Ady did not delude himself. He knew that in a situation of danger when the destiny of the Hungarian people would be at stake, his feelings – that is, his patriotism – would get the upper hand over his rational arguments: “This patriotism, however, is still dormant in me. As certain as it is that I have wiped out of myself any traces of racial hatred, so that besides Oszkár Jászi there are not many who are more tenderly and benevolently disposed towards the national minorities in Hungary than me, so certain it is that patriotism would awake in me in desperate straits and occasions. I am afraid it is not impossible that this desperate situation and occasion will fall upon us more unexpectedly than we would think it.” His fears proved to be a dreadful prophecy. Nine months later the First World War broke out, and everything happened as he had foreseen it. His bourgeois radical friends were led by their reason and kept fighting for general human rights, sometimes even for utopistic aims, while the former enemies of the poet, the men of the aristocratic Hungary whose main representative for Ady was Prime Minister Count István Tisza, behaved as patriots and defended the Hungarian people in the years of the war. Ady’s obscure allusion – “But then I also will have to admit that a Hungarian count of aulic descendance who in the last year would have had every restless Hungarian killed, does not defend his own private dominion but the Hungarian people. It is probable that there will be not many persons like this, but some there will be for sure. But then how could I fight shoulder to shoulder with such people who after the danger will again become as they had been?” – in fact refers to István Tisza. “In the last year”, that is, in June 1912 it was him to oppress with force the obstructing parlamentary opposition.

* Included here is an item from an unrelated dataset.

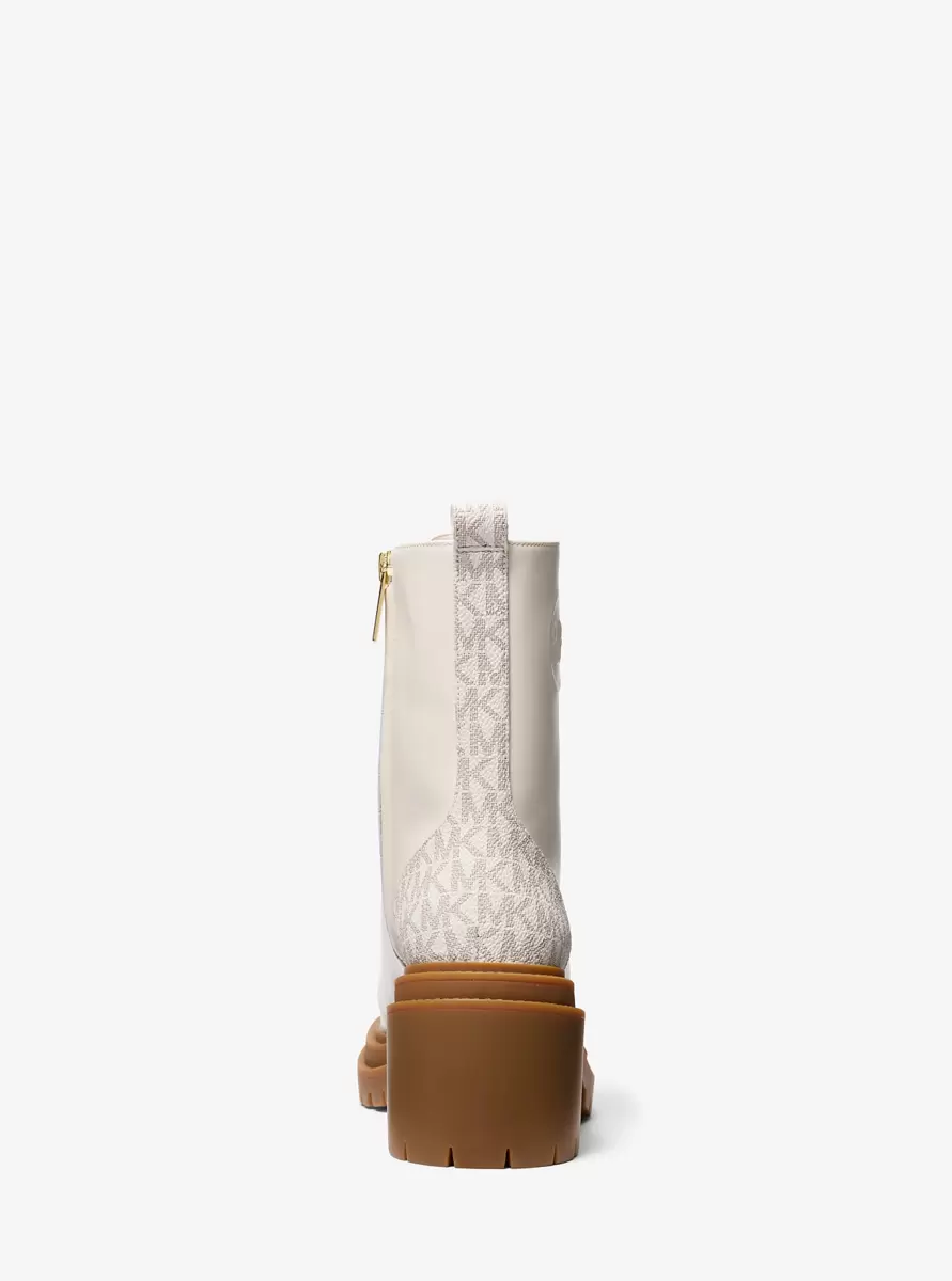 Unser Hanley-Stiefel ist ein klassischer Combat-Style mit einem Hauch von City-Chic. Dieses auffällige Paar ist aus Glattleder gefertigt, mit Akzenten im Signature-Logoprint versehen und mit einer robusten Profilsohle ausgestattet, die optimalen Halt bietet. Er passt jetzt genauso gut zu Jeans wie später zu eleganten Kleidern.

Ady opposed to the war from the very beginning, as he knew that Hungary can only lose with the war. István Tisza, the hated enemy of Ady thought and acted in the same spirit, committing everything to prevent the war. 12 Tisza, however, regarded it to be below his station to openly boasting with his pacifism that he represented behind the political scenes, and endured with patience as the press was reviling him as a war demagogue. The historian Gyula Szekfű treats in one chapter of his famous Three Generations the destiny of the two enemies Ady and Tisza. Complete books were written on their relationship that is impossible to outline in a few lines. It is not widely known that in spite of their mutual hatred they occasionally had the feelings of solidarity of a Hungarian with the other Hungarian towards each other. In November 1910 in an aristocratic company Tisza declared that “Ady and the [literary journal] Nyugat are louses on the tree of Hungary”, 13 while Ady usually apostrophed Tisza as “the wild fool of Geszt”. Nevertheless, he burst into tears when he heard about the murder of Tisza. (Ady even earlier had some kind of sympathy with Tisza as an illustrious representative of the Hungarian people. In his sarcastic article of 1908 in the Budapesti Napló he also wrote: “Even if we do not love Tisza, we cannot think of him without our Hungarian blood being heated up. How peculiar, how faulty, how harmful, how obstinate, how strong, how beautiful, how Hungarian this man is!” 14 )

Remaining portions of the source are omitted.